[Stored records]
◇ ◇ ◇ ◇ ◇ ◇ ◇

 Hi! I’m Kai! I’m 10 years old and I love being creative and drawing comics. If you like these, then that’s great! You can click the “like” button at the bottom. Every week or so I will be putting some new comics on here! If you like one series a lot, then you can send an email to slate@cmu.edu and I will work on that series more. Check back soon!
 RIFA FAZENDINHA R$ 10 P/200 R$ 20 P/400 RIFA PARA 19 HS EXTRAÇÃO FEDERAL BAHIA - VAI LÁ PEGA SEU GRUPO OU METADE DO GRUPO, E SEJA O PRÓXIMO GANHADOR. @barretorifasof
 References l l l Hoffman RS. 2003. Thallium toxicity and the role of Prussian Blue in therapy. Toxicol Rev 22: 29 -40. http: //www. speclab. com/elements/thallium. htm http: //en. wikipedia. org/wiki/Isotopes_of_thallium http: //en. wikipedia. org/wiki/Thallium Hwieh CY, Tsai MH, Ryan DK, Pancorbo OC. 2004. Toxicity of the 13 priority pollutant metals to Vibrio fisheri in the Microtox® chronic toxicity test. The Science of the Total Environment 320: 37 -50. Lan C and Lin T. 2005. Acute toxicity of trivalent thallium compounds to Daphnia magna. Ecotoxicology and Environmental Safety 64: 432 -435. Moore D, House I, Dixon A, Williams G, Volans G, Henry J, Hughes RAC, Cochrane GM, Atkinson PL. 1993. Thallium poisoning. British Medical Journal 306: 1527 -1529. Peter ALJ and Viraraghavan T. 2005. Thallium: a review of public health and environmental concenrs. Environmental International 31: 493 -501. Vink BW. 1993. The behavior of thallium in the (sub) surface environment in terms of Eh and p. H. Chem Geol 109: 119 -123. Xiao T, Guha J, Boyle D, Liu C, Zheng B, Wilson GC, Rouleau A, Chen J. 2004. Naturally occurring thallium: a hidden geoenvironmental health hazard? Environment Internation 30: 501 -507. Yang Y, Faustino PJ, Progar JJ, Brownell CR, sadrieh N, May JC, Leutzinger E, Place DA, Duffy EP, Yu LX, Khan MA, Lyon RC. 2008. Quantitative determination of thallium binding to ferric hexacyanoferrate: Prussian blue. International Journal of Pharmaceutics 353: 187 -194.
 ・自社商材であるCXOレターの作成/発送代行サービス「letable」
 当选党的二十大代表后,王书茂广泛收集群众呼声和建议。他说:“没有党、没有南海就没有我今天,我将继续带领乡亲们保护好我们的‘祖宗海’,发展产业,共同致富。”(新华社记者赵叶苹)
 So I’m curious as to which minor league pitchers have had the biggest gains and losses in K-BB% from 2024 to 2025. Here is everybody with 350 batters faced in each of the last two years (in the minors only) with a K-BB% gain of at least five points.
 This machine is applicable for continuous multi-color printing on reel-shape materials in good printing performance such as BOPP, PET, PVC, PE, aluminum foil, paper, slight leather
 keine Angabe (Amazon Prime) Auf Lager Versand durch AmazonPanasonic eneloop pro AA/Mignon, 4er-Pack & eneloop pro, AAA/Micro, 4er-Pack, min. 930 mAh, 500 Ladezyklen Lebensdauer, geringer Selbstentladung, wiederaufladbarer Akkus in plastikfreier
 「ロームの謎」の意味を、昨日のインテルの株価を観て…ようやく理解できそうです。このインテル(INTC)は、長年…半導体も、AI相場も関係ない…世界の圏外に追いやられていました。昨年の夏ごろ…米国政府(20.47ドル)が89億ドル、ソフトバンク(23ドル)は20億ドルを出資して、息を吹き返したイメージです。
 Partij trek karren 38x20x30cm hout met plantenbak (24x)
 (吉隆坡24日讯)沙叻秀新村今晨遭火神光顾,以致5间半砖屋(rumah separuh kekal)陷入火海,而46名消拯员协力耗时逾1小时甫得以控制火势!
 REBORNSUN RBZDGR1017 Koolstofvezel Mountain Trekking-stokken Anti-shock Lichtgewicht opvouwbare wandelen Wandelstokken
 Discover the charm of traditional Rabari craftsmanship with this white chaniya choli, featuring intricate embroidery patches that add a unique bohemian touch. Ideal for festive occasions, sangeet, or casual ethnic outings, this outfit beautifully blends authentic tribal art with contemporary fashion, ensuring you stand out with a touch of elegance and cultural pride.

◇ ◇ ◇ ◇ ◇ ◇ ◇

> **Task to complete**: Which lines of the entries above contain the word "years"? Copy each of them.

> **Worked solution**:
 Hi! I’m Kai! I’m 10 years old and I love being creative and drawing comics. If you like these, then that’s great! You can click the “like” button at the bottom. Every week or so I will be putting some new comics on here! If you like one series a lot, then you can send an email to slate@cmu.edu and I will work on that series more. Check back soon!
 So I’m curious as to which minor league pitchers have had the biggest gains and losses in K-BB% from 2024 to 2025. Here is everybody with 350 batters faced in each of the last two years (in the minors only) with a K-BB% gain of at least five points.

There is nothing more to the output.